When my father died, it will be ten years this year, it took a long time for that first tear to roll down my cheek. It took time to sink in that I was never going to see him again. I remember this as I am trying to analyze the particular nature of my grieving. Maybe I have not accepted it yet and hence I stand here this morning being pushed in every direction by a mass of people, symptomless. Or maybe, as I always suspected I am dead inside.
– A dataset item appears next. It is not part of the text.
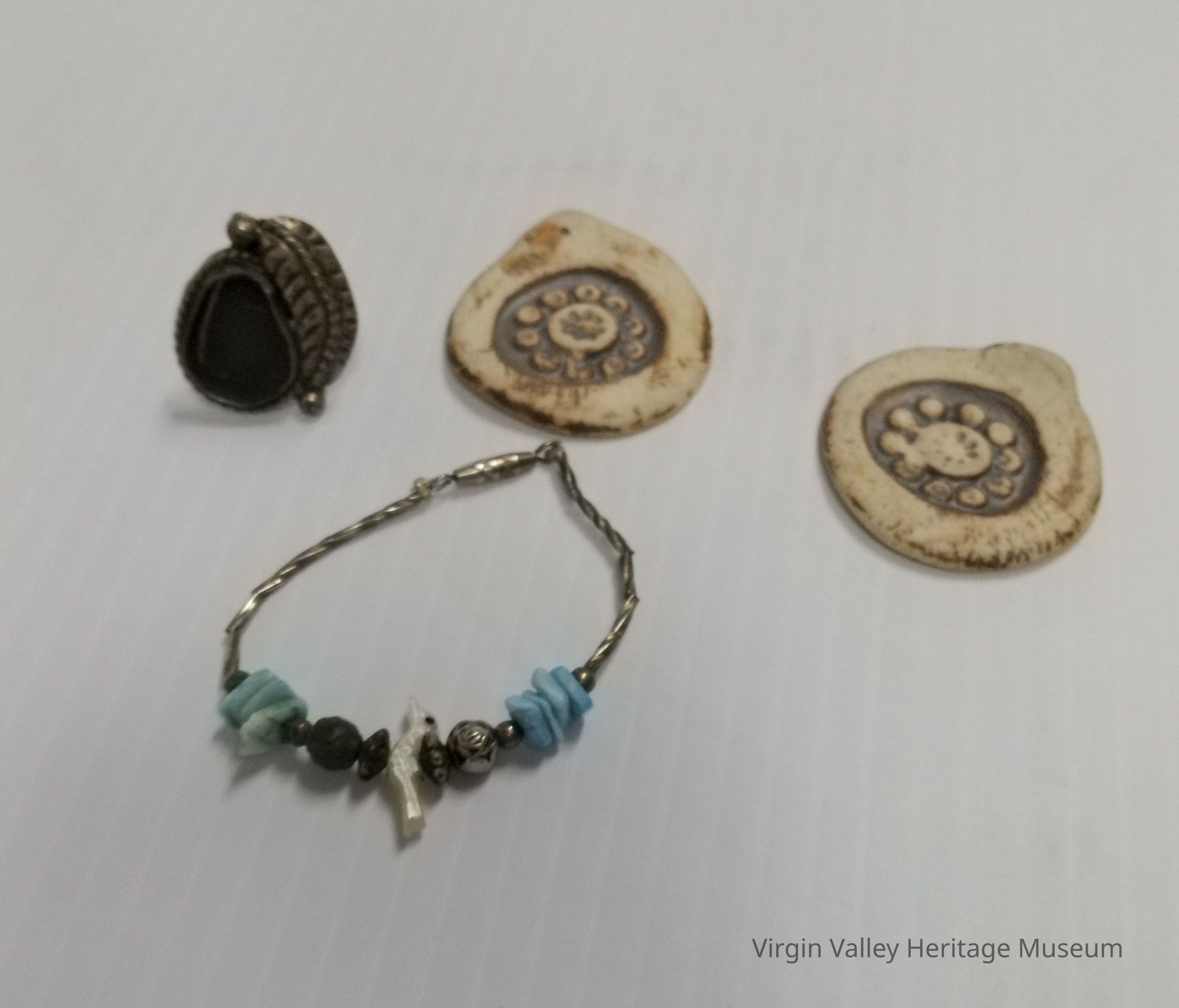 Baby bracelet made by the "Bird Lady" the bird is carved by hand. Ring missing stone (Navajo?) 2 clay earrings

Misery truly does love company, and mine comes together in a predictable parade of despair. Led by the grief of losing my father, followed by break ups, and failures and heart wrenching words each in all their dark glory. Each displaying their capacity to wreck my life, exhibiting how some of them nearly did. The little disappointments shimmy their hips around the big ones, the quirky unexpected bunch of them.

I watch this parade each time, and watch new additions and sigh. It keeps getting longer, this parade. In the end, I gather each one of them and put them in a container. I discuss this in sessions with my clients, about how smart our brain is and how in order to continue to function in face of a traumatic event, it bottles up the experience into containers and keeps them inside freeing the conscious part of the brain to carry on with life. I think I have so many of these containers now that I close my eyes and imagine entering a room filled my containers of trauma and somehow I see them extend, in neat rows, for as far as my eyes can see.

Another train arrives at the platform and this is the one I arbitrarily choose to board. Except, I decided too late and the train is packed with passengers, I cling on nonetheless because I have decided. And only when the train moves do I realize, I am barely inside the train and for the next few minutes till the train reaches the next station, I will have to hold on for dear life. My hands begin to shiver and I feel like I will slip any minute now, I feel like maybe there is some part of me that wants to slip and it this all. Maybe, then my grief will recede. And I look at my hand clutching the handle, whitening at my knuckles. I try pushing with all my might, but I cannot get inside this goddam train. The sun sears into the back of my neck. My breathing grows heavier and I have lost sensation of both my arms, they don’t look like mine anymore, they don’t feel under my control anymore and finally I stop fighting it and just stand there, waiting.

And suddenly, something shifts and almost theatrically, the people ahead of me part and I see a square foot of space for me to get in. I push my way in, and finally allow myself to be swallowed by the sadness of it all.